Some converters provide a way for users to extend the converter with rules for processing LaTeX commands for which the converter does not provide built-in support. Thus, use of a LaTeX-to-HTML converter tends to involve an iterative approach:

  1. Run the converter on a LaTeX document.
  2. Examine the generated HTML to see if any LaTeX commands were not translated properly. If so, then:
  3. Extend the converter with a new rule that enables a troublesome LaTeX command to be correctly converted to HTML. (If that is not possible, then rewrite the LaTeX document to avoid the need to use the troublesome LaTeX command.) Then go back to step 1.

Use of a LaTeX-to-HTML converter can be frustrating, at least initially, because you are likely to spend a lot of time working on step 3 in the above list. However, you will eventually learn which LaTeX commands can be used without causing difficulty for a HTML conversion. This knowledge will make it far easier to write future LaTeX documents that are compatible with the converter.
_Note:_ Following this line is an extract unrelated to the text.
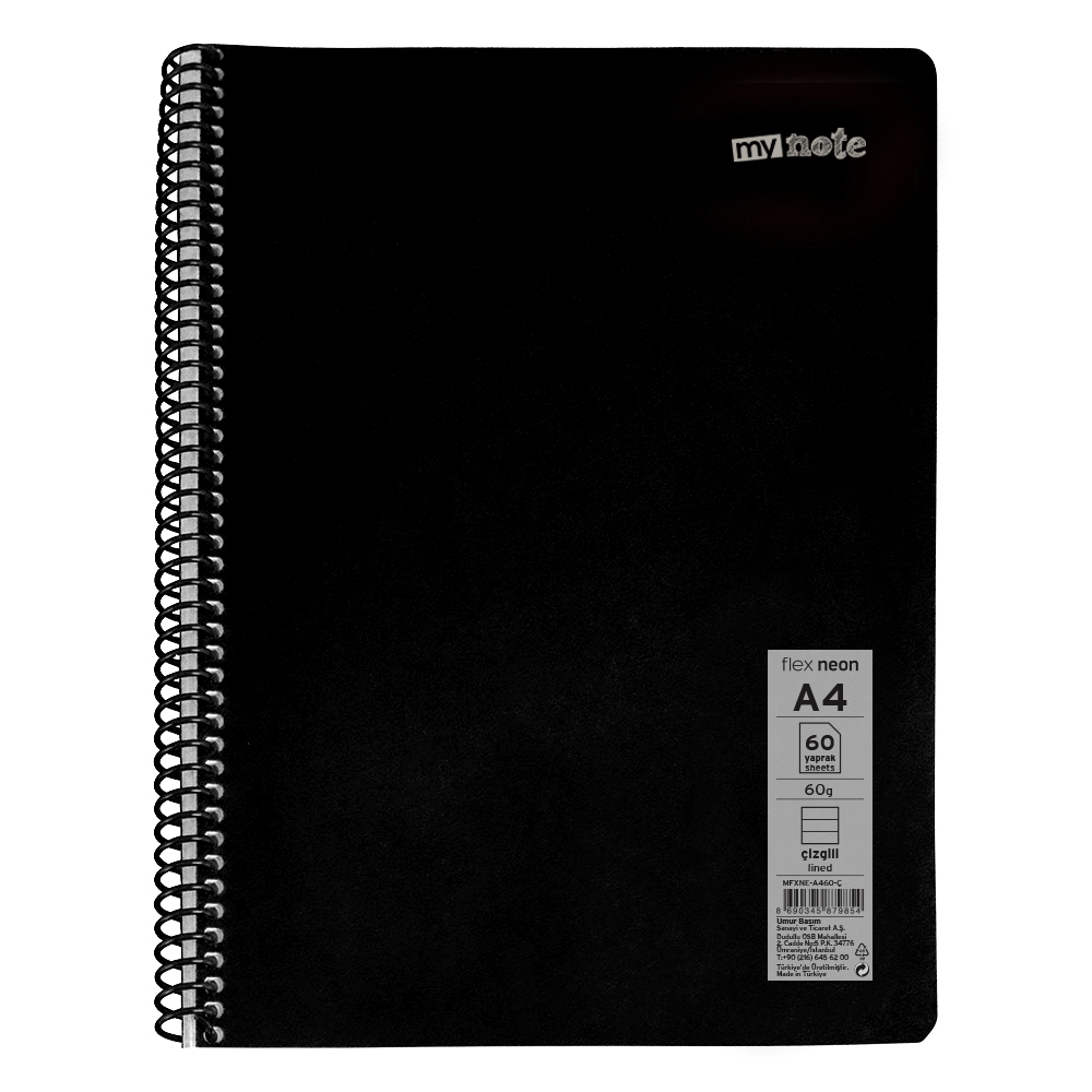 Caiet cu spira Mynote, format A4, 60 file offset 60 g/mp, liniatura dictando, coperta PP neon, mix de 8 culori,Liniatura|Liniatura|Dictando Numar file|Numar file|60 Spira|Spira|Da Brand|Brand|Mynote Tip|Tip|Caiet Format|Format|A4,bucata

My favourite LaTeX-to-HTML converter is called HeVeA. In this chapter, I explain how to use Canthology with HeVeA.

10.3  Obtaining and Installing HeVeA

HeVeA is bundled with some LaTeX distributions and available in the application repositories for some Linux distributions. If you cannot get HeVeA from those sources, then you can download it from the HeVeA website. HeVeA was designed for use on Linux and other UNIX-like operating systems. However, a Windows port of HeVeA is also available.

10.4  Running HeVeA

The HeVeA distribution contains several several applications that are intended to be used together.

hevea
This application translates a ".tex" document into a monolithic HTML file.
hacha
This application splits a monolithic HTML file produced by hevea into a collection of HTML files. By default, hacha creates a separate HTML file for each chapter of a book, or a separate HTML file for each section of an article. However, commands (defined in the hevea package) that you can embed in your ".tex" document enable you to choose a different granularity of division.
imagen
The hevea application detects when a ".tex" document uses image files, for example, in \includegraphics commands. Details of these image-using commands are written to a new temporary ".tex" file. The imagen application is then run on this temporary file to convert all the images into a HTML-friendly format, such as GIF or PNG.
esponja
A HTML file generated by hevea contains HTML markup that can sometimes be needlessly verbose. The esponja utility can be run to optimise the HTML markup, thus decreasing the size of the HTML file.
bibhva
LaTeX has a companion application called bibtex for managing bibliography information. Unfortunately, subtle differences between the behaviour of LaTeX and HeVeA mean that bibtex does not work unaided with HeVeA. The bibhva application acts as a wrapper around bibtex to resolve this incompatibility.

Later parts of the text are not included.